[Start of section]
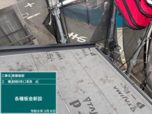次に、屋根材の前に取り付けておく板金類を設置します。
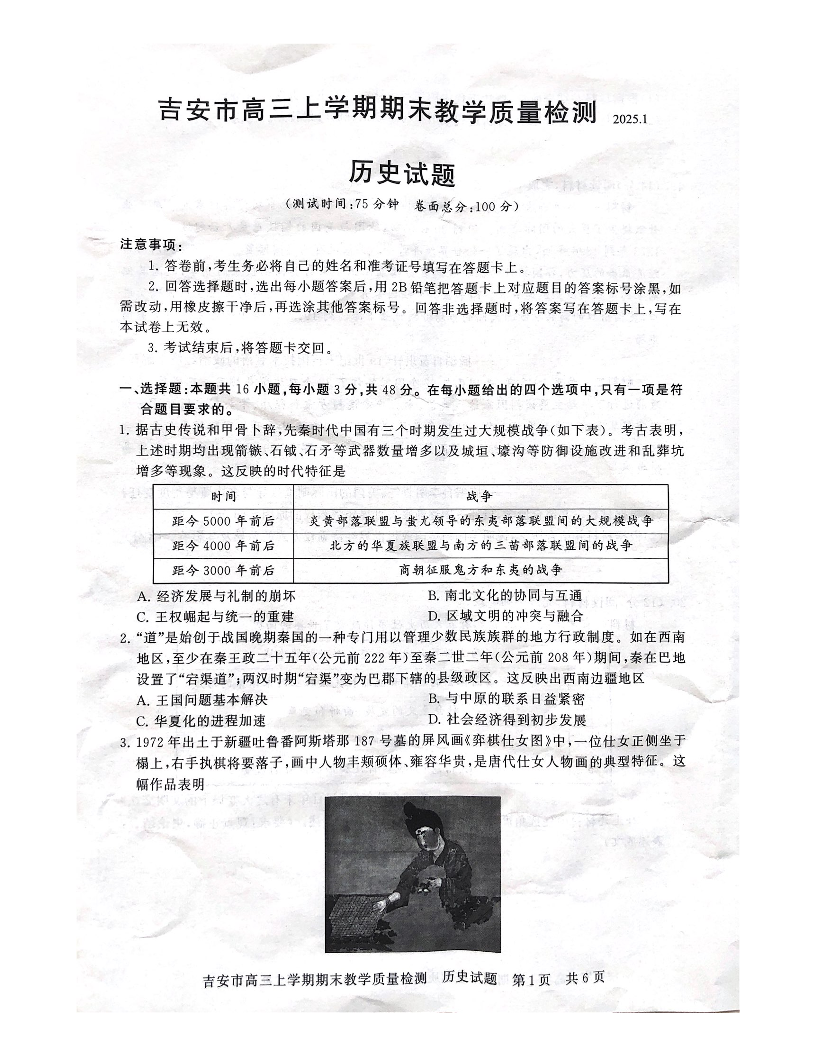江西省吉安市2025届高三上学期1月期末教学质量检测历史
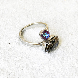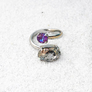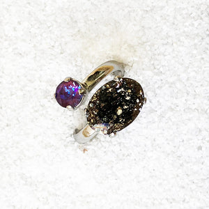 Adjustable as always this ring is easy to wear during the day and sparkle away at night. The mysterious patina lends a vintage charm to this ring
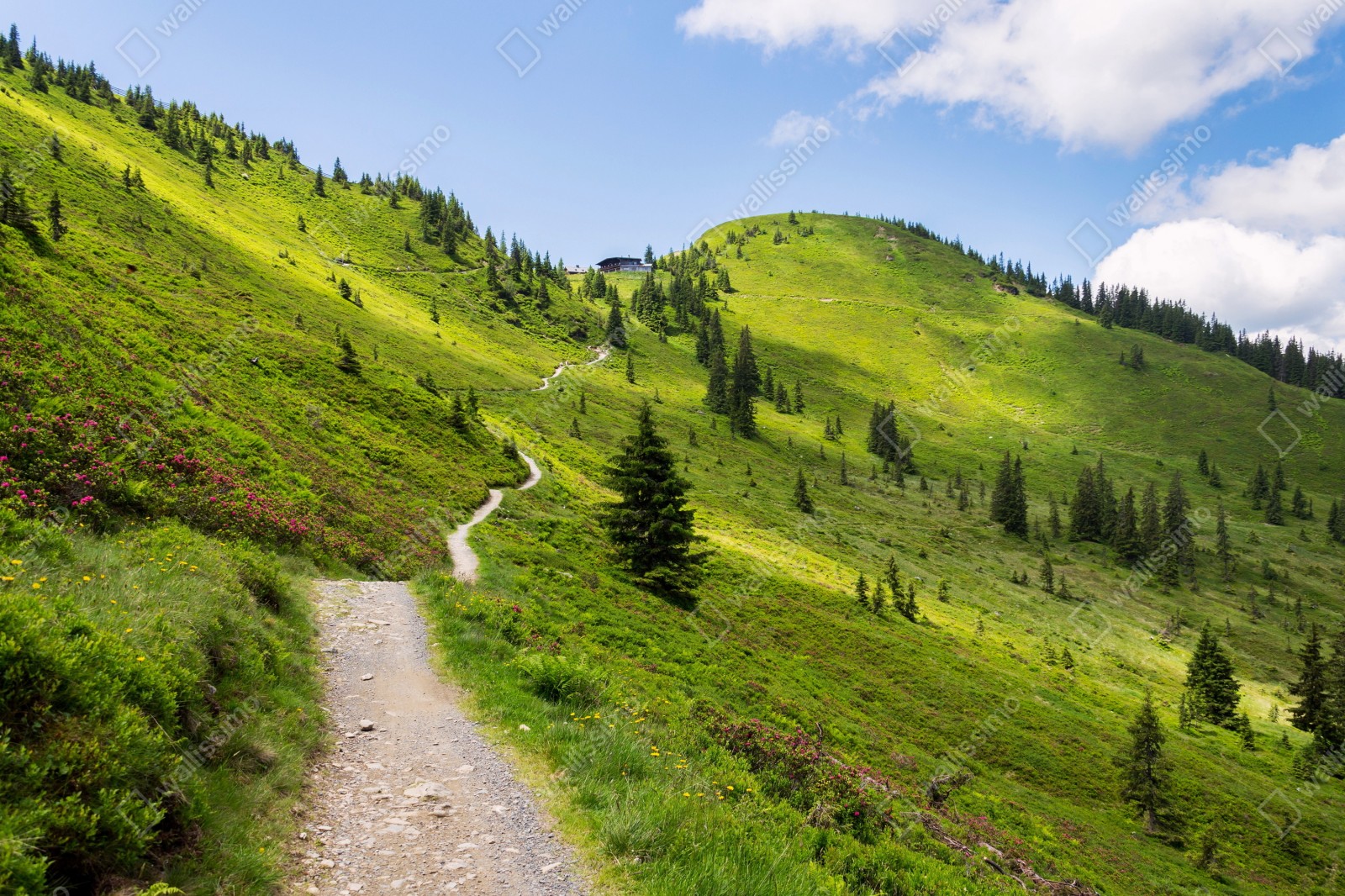 Fototapeta Słoneczna górska ścieżka przez zieloną łąkę
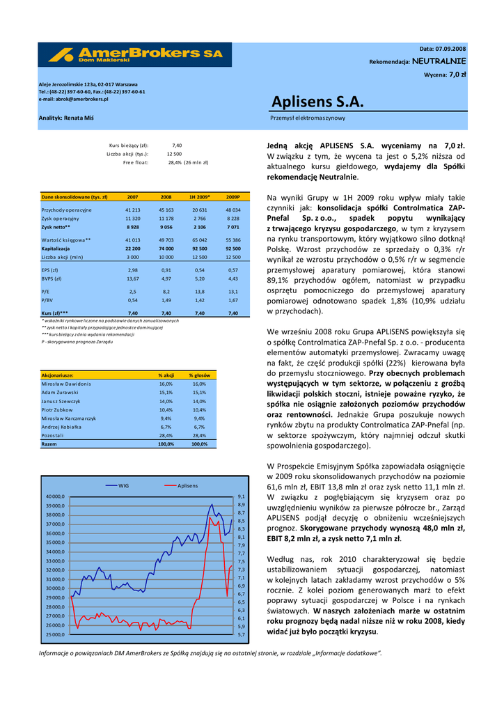 Data: 07.09.2008 Rekomendacja: NEUTRALNIE Wycena: Aleje Jerozolimskie 123a, 02-017 Warszawa Tel.: (48-22) 397-60-60, Fax.: (48-22) 397-60-61 e-mail: [email protected] Aplisens S.A. Analityk: Renata Miś Przemysł elektromaszynowy Kurs bi eżący (zł): 7,40 Li czba a kcji (tys .): 12 500 Free floa t: Dane skonsolidowane (tys. zł) Jedną akcję APLISENS S.A. wyceniamy na 7,0 zł. W związku z tym, że wycena ta jest o 5,2% niższa od aktualnego kursu giełdowego, wydajemy dla Spółki rekomendację Neutralnie. 28,4% (26 mln zł) 2007 2008 1H 2009* 2009P Przychody opera cyjne 41 213 45 163 20 631 48 034 Zys k opera cyjny 11 320 11 178 2 766 8 228 Zysk netto** 8 928 9 056 2 106 7 071 Wartoś ć ks i ęgowa** 41 013 49 703 65 042 55 386 Kapitalizacja 22 200 74 000 92 500 92 500 Li czba a kcji (mln) 3 000 10 000 12 500 12 500 EPS (zł) 2,98 0,91 0,54 0,57 BVPS (zł) 13,67 4,97 5,20 4,43 P/E 2,5 8,2 13,8 13,1 P/BV 0,54 1,49 1,42 1,67 Kurs (zł)*** 7,40 7,40 7,40 7,40 * wskaźniki rynkowe liczone na podstawie danych zanualizowanych ** zysk netto i kapitały przypadające jednostce dominującej *** kurs bieżący z dnia wydania rekomendacji Akcjonariusze: % akcji % głosów Mi ros ła w Da wi donis 16,0% 16,0% Adam Żura ws ki 15,1% 15,1% Ja nus z Szewczyk 14,0% 14,0% Piotr Zubkow 10,4% 10,4% Mi ros ła w Ka rczma rczyk 9,4% 9,4% Andrzej Kobia łka 6,7% 6,7% Pozos ta li 28,4% 28,4% Razem 100,0% 100,0% WIG Aplisens 40 000,0 9,1 39 000,0 8,9 38 000,0 8,7 36 000,0 35 000,0 8,5 8,3 8,1 7,7 33 000,0 7,5 32 000,0 7,3 31 000,0 7,1 29 000,0 28 000,0 W Prospekcie Emisyjnym Spółka zapowiadała osiągnięcie w 2009 roku skonsolidowanych przychodów na poziomie 61,6 mln zł, EBIT 13,8 mln zł oraz zysk netto 11,1 mln zł. W związku z pogłębiającym się kryzysem oraz po uwzględnieniu wyników za pierwsze półrocze br., Zarząd APLISENS podjął decyzję o obniżeniu wcześniejszych prognoz. Skorygowane przychody wynoszą 48,0 mln zł, EBIT 8,2 mln zł, a zysk netto 7,1 mln zł. 7,9 34 000,0 30 000,0 Na wyniki Grupy w 1H 2009 roku wpływ miały takie czynniki jak: konsolidacja spółki Controlmatica ZAPPnefal Sp. z o.o., spadek popytu wynikający z trwającego kryzysu gospodarczego, w tym z kryzysem na rynku transportowym, który wyjątkowo silno dotknął Polskę. Wzrost przychodów ze sprzedaży o 0,3% r/r wynikał ze wzrostu przychodów o 0,5% r/r w segmencie przemysłowej aparatury pomiarowej, która stanowi 89,1% przychodów ogółem, natomiast w przypadku osprzętu pomocniczego do przemysłowej aparatury pomiarowej odnotowano spadek 1,8% (10,9% udziału w przychodach). We wrześniu 2008 roku Grupa APLISENS powiększyła się o spółkę Controlmatica ZAP-Pnefal Sp. z o.o. - producenta elementów automatyki przemysłowej. Zwracamy uwagę na fakt, że część produkcji spółki (22%) kierowana była do przemysłu stoczniowego. Przy obecnych problemach występujących w tym sektorze, w połączeniu z groźbą likwidacji polskich stoczni, istnieje poważne ryzyko, że spółka nie osiągnie założonych poziomów przychodów oraz rentowności. Jednakże Grupa poszukuje nowych rynków zbytu na produkty Controlmatica ZAP-Pnefal (np. w sektorze spożywczym, który najmniej odczuł skutki spowolnienia gospodarczego). P - skorygowana prognoza Zarządu 37 000,0 7,0 zł 6,9 6,7 6,5 6,3 27 000,0 6,1 26 000,0 5,9 25 000,0 5,7 Według nas, rok 2010 charakteryzował się będzie ustabilizowaniem sytuacji gospodarczej, natomiast w kolejnych latach zakładamy wzrost przychodów o 5% rocznie. Z kolei poziom generowanych marż to efekt poprawy sytuacji gospodarczej w Polsce i na rynkach światowych. W naszych założeniach marże w ostatnim roku prognozy będą nadal niższe niż w roku 2008, kiedy widać już było początki kryzysu. Informacje o powiązaniach DM AmerBrokers ze Spółką znajdują się na ostatniej stronie, w rozdziale „Informacje dodatkowe”. Sytuacja w branży 1 Rynek aparatury kontrolnopomiarowej i automatyki przemysłowej Aparatura kontrolno-pomiarowa oraz automatyka przemysłowa wykorzystywane są głównie w przemyśle energetycznym, chemicznym, petrochemicznym, górniczym i hutniczym. Zastosowanie tej aparatury umożliwia pracę większości urządzeń przemysłowych, wpływa na znaczny wzrost wydajności wielu urządzeń i linii technologicznych oraz umożliwia ograniczenie zużycia energii i ilości odpadów w procesach produkcji. Stosowanie elementów automatyki i systemów regulacji przekłada się bezpośrednio na spadek kosztów we wszystkich gałęziach przemysłu. Ponadto aparatura kontrolno-pomiarowa, stanowiąc elementy systemów bezpieczeństwa, przeciwdziała awariom urządzeń przemysłowych. Rynek krajowy Wielkość polskiego rynku aparatury pomiarowej oszacowano w 2007 roku na około 95 mln zł. Przewidywano wtedy, że stopa wzrostu w latach 2007-2013 kształtować się będzie na poziomie 6,7% i na koniec 2013 roku wartość rynku prognozowana była na około 138 mln zł. Rynek aparatury kontrolno-pomiarowej Akcesoria instalacyjne dla w Polsce czujników oraz Czujniki i przetworniki temperatury 30% Hydrostatyczne sondy do pomiaru głębokości 7% przetworników temperatury i ciśnienia 9% Analogowe przetworniki do pomiaru ciśnienia i różnicy ciśnień 21% Inteligentne przetworniki do pomiaru ciśnienia i różnicy ciśnień 33% Źródło: Dane ze Spółki na podstawie Instytutu Metrologii i Inżynierii Biomedycznej na Wydziale Mechatroniki Politechniki Warszawskiej Wzrost rynku w najbliższych latach uzależniony będzie od poziomu nakładów na inwestycje, zarówno nowe, jak i odtworzeniowe w przemyśle petrochemicznym, energetyce, ochronie środowiska oraz branżach zajmujących się wydobyciem i przesyłem gazu ziemnego. Zarząd APLISENS szacuje, że udział Spółki w polskim rynku aparatury pomiarowej (tj. m.in. przetworniki ciśnienia, sondy głębokości, czujniki temperatury) w 2007 roku wyniósł około 25%. Rynek krajów WNP Według raportu firmy Frost&Sul
[End of section]
_About this task_
Would you reproduce, exactly and with nothing added, every line from the beginning of the entries above through the line that contains "Fototapeta Słoneczna górska", both included, leaving out the pictures?

_Solution below_
次に、屋根材の前に取り付けておく板金類を設置します。
江西省吉安市2025届高三上学期1月期末教学质量检测历史
 Adjustable as always this ring is easy to wear during the day and sparkle away at night. The mysterious patina lends a vintage charm to this ring
 Fototapeta Słoneczna górska ścieżka przez zieloną łąkę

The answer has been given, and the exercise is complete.